Open Source SDKs & Libraries New Release3 min read
We are pleased to announce the release of our Node.js SDK v1.1.0, Python SDK v1.3.0, and docTR v0.5.0. The Node.js SDK supports invoice, receipt, and finance documents while the Python SDK supports invoice, passport, and receipt documents including Europe license plates. docTR is used to parse textual information (localize and identify each word) from your documents. These updates were made to increase and improve the efficiency and performance of parsing documents.
For the Node.jS SDK, we added support for V2 and OS in User-Agent headers.
- A big part of this release was to support the Mindee API V2. The invoice API for this SDK now supports native PDF textual content for currency, amount/tax, invoice number, payment information, business registration number, and 17 other currencies.

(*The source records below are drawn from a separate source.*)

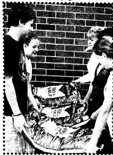
CEC members delivering soil for a tree planting project adopted by students in the special services classes.

44th Exceptional Children's Conference – Nov. 22-24, 2009 Information page 7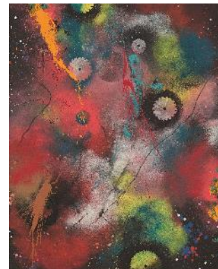
Futura THEY SAW US , 2019 Estimate: HK$ 200,000-400,000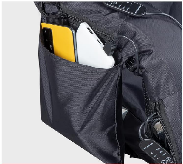
Snacks/ Power Bank Pockets

- OS support has also been added to the user-agent headers in this new release. This enables us to determine which OS our clients use our SDK on and hence optimize for performance and compactibilty.
The Python SDK now fully supports URLs on Windows OS and sending files using base64.
- An important part of this update was improving and fixing URLs not built properly on Windows OS.
- Another update we made was eliminating errors that occur while sending files using base64.
- There is also support for the user-agent header. This enables us to determine which operating systems our clients use our SDK on and hence optimize for performance and compactibilty.
- Finally, we replaced the PDF manipulation library we were using with a more performant one and moved from GPL2 to MIT license, which means less restriction.
The new docTR release now includes support for text detection on rotated and skewed documents and updates on the classification model.
- Rotated and skewed documents are now supported fully in this release The goal is to bring the same level of performance that we already have to rotated documents.
- We updated all of the checkpoints of the classification models zoo used in both PyTorch and TensorFlow. These models were trained using our synthetic character classification dataset. For more information, see Character classification training.
- Remarkably, the number of datasets that are supported has increased significantly. This comprises of highly used datasets that are used for benchmarking OCR-related activities; you can find the whole list of these datasets here.
For the time being, the new version will actively be maintained, critical bug fixes will be applied to the new releases. Development and maintenance will cease on previous releases. If you have any problem with the SDKs or libraries, we invite you to create an issue in their respective Github repository Node.js SDK issues, Python SDK issues, docTR Issues, or reach out to us on our Slack community.
If you are an existing customer using the Node.js SDK and Python SDK or docTR, we strongly encourage you to upgrade to the newest versions as soon as possible. This will ensure you have access to all the latest features and bug fixes now and in the future.